◆ **WORK REQUIRED**
Every line from the start of the entries up to and including the one bearing "Correa de metal" must be printed verbatim, without the pictures.
*** Opening of EXTRACTED DATA ***
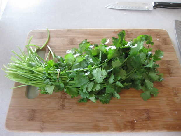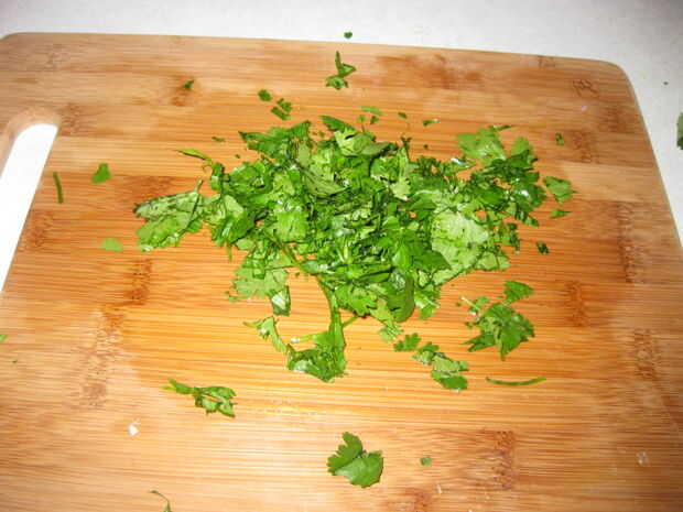 Tomar un manojo de pequeñas y medianas de cilantro. Puede dejar el paquete atado juntos (si lo ha hecho ya). Enjuagar ligeramente el cilantro, y pat secar muy bien con una toalla de papel. Si está demasiado húmedo, será más difícil de cortar. A continuación, finamente picar las hojas de cilantro y corte los tallos largos. No es necesario picar el cilantro, una fina tajada es bueno.
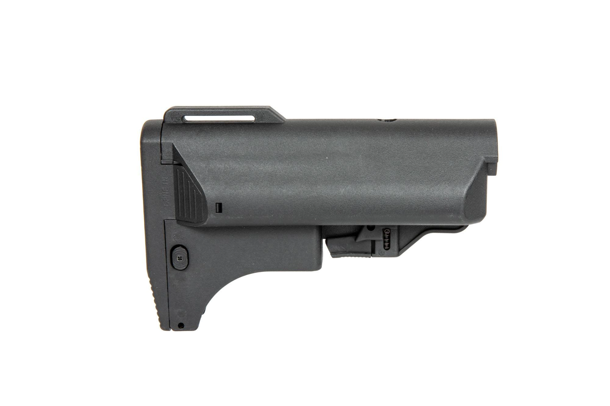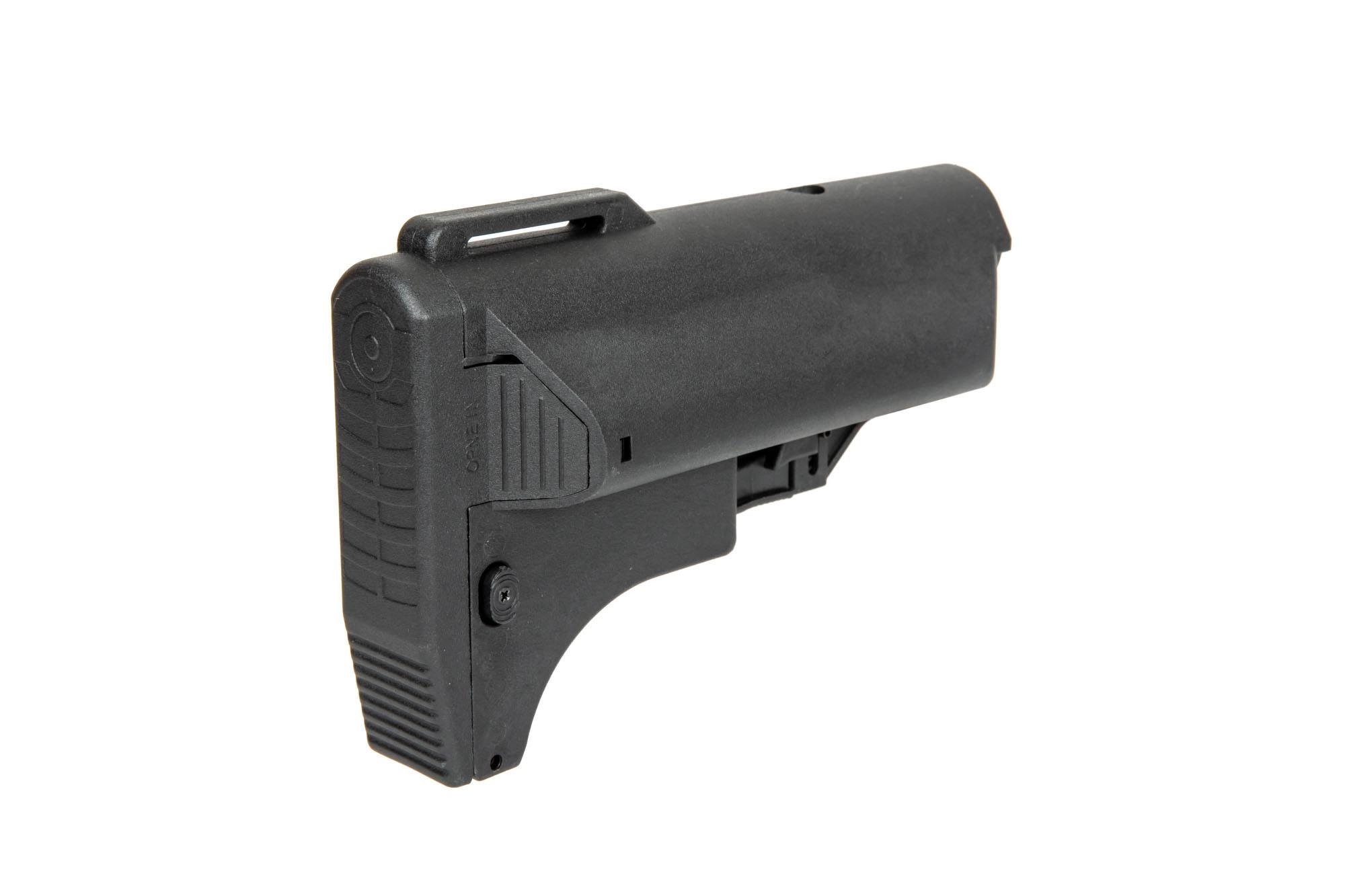 Wykonana z mocnego tworzywa sztucznego regulowana kolba pasująca na prowadnice występujące w replikach typu M4/M16. Dzięki zdejmowanej stopce w środku zmieści się bateria do repliki. W dolnej części kolby znajduje się miejsce na dodatkowy magazynek do replik typu M4/M16.
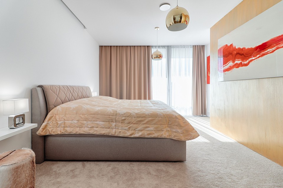 Nadstandardní vybavení zahrnuje luxusní kuchyňskou linku Hanák v bílém lesklém provedení se všemi spotřebiči SIEMENS, myčku Miele, vestavěné šatní skříně na míru, luxusní dubové podlahy v obývacím pokoji a kuchyni, koberce v ložnicích, carrarský mramor v koupelnách a zařizovací předměty Villeroy & Boch, osvětlení po celém bytě a exteriérové žaluzie na dálkové ovládání, pračku, sušičku a klimatizaci v celém bytě.
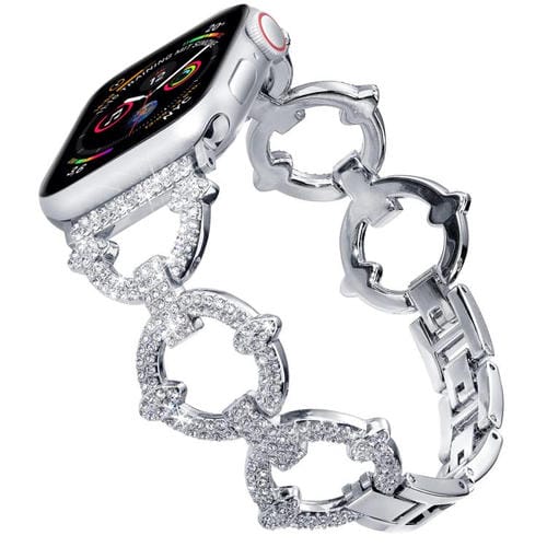 Correa de metal con diamantes en forma de O para Apple Watch de 42, 44, 45, 46 y 49 mm xDfind (plateada)
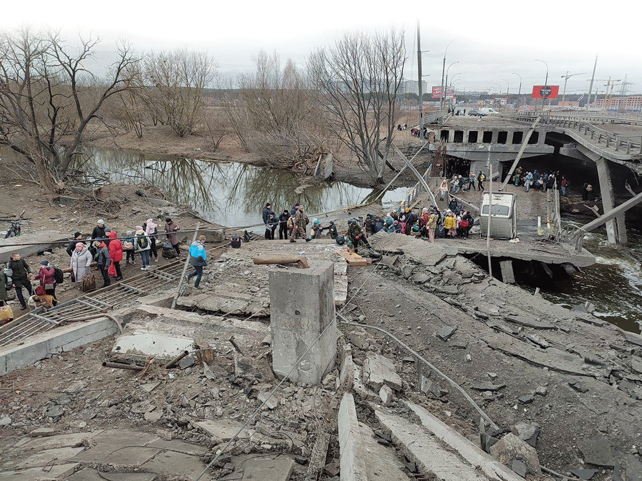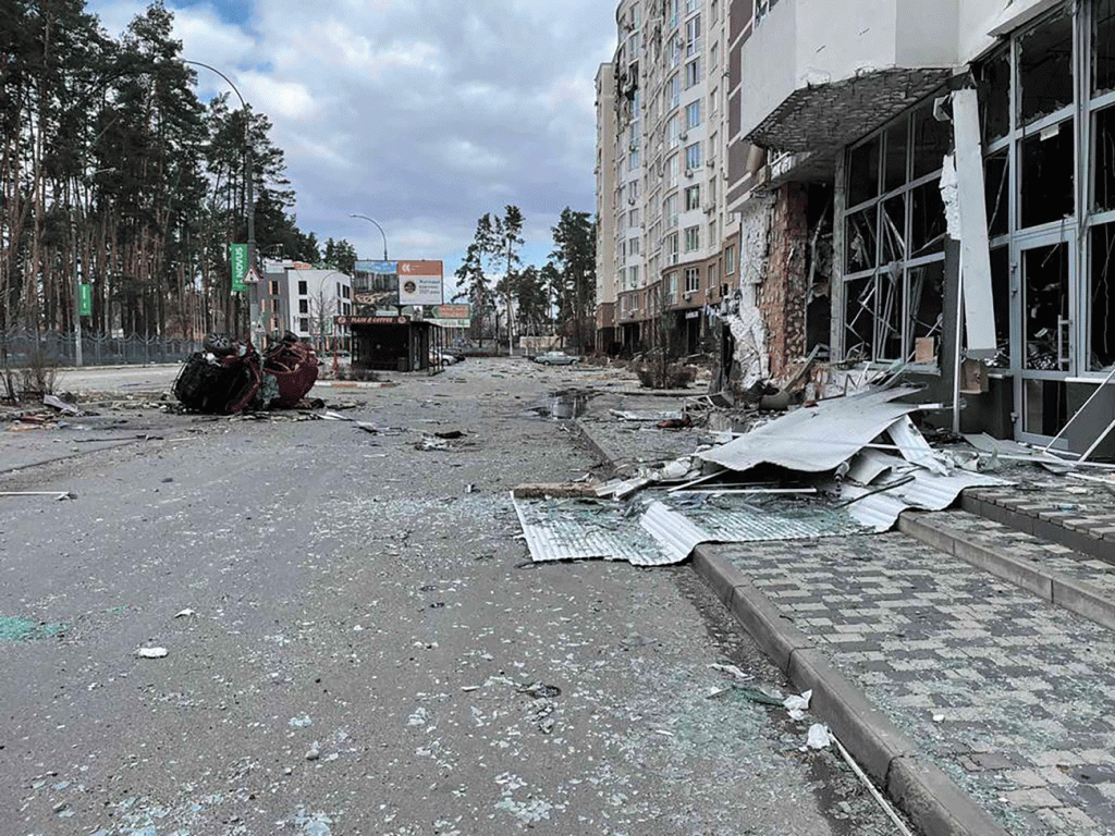 There were 6 of us in our car – ourselves, our 3 children and our nephew. His parents couldn’t leave at once so we took him as well. It was a full car in every sense. I come from a large family of 11 children, I’m the oldest. I phoned my brothers and warned them to get their families ready too. I think we had a convoy of maybe 5 cars with family and friends. It was winter time and obviously very cold. We didn’t travel far because we were caught in a traffic jam about 3km from our house and we waited and waited and waited and waited. I started to change my mind and suggested we return home. I was worried we’d run out of petrol. Subsequently I regretted that decision but that’s what we did. We turned around and went home. We unpacked many things from our car with loads of space and roof box that we’d stuffed full. We waited until about 3pm and then military jets started flying right over our heads. It got worse and worse. They were bombing though not near our place, just outside Irpin and another town nearby. There is a strategic airport in Hostomel, about 6 miles away. Then lots of Russian helicopters followed.
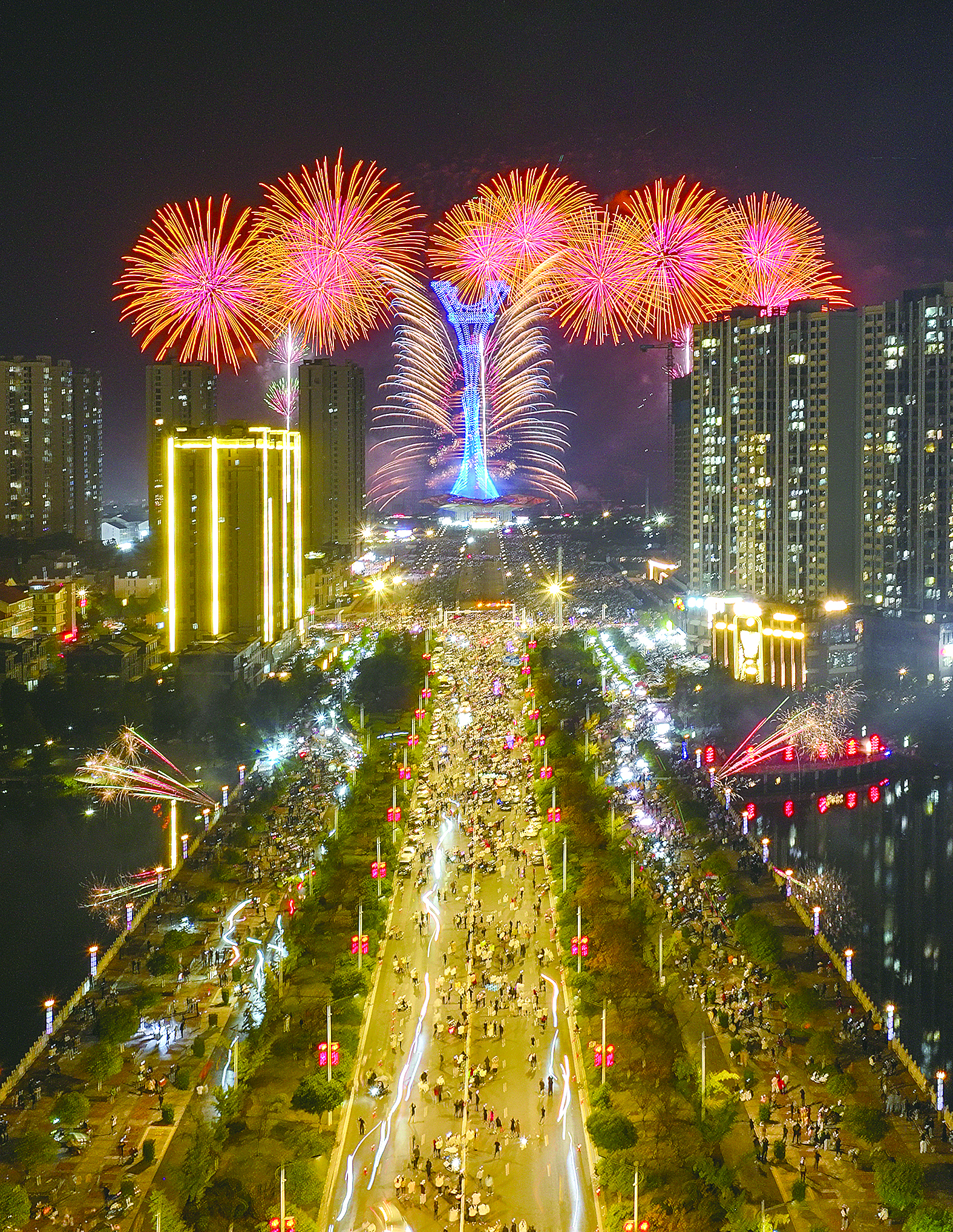 浏阳周末焰火吸引了众多游客。 彭红霞 摄
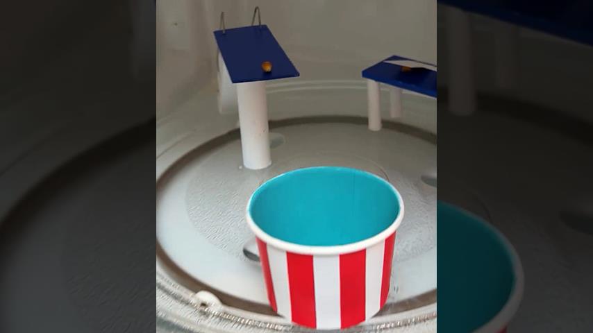 A popcorn diving contest takes place inside a microwave oven. A popcorn pops and the jury gives its score.
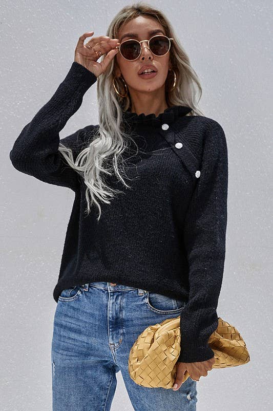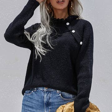 Women's Round Neck Solid Color Sweater
*** Close of EXTRACTED DATA ***
◆ **ANSWER TO THE EXERCISE**
 Tomar un manojo de pequeñas y medianas de cilantro. Puede dejar el paquete atado juntos (si lo ha hecho ya). Enjuagar ligeramente el cilantro, y pat secar muy bien con una toalla de papel. Si está demasiado húmedo, será más difícil de cortar. A continuación, finamente picar las hojas de cilantro y corte los tallos largos. No es necesario picar el cilantro, una fina tajada es bueno.
 Wykonana z mocnego tworzywa sztucznego regulowana kolba pasująca na prowadnice występujące w replikach typu M4/M16. Dzięki zdejmowanej stopce w środku zmieści się bateria do repliki. W dolnej części kolby znajduje się miejsce na dodatkowy magazynek do replik typu M4/M16.
 Nadstandardní vybavení zahrnuje luxusní kuchyňskou linku Hanák v bílém lesklém provedení se všemi spotřebiči SIEMENS, myčku Miele, vestavěné šatní skříně na míru, luxusní dubové podlahy v obývacím pokoji a kuchyni, koberce v ložnicích, carrarský mramor v koupelnách a zařizovací předměty Villeroy & Boch, osvětlení po celém bytě a exteriérové žaluzie na dálkové ovládání, pračku, sušičku a klimatizaci v celém bytě.
 Correa de metal con diamantes en forma de O para Apple Watch de 42, 44, 45, 46 y 49 mm xDfind (plateada)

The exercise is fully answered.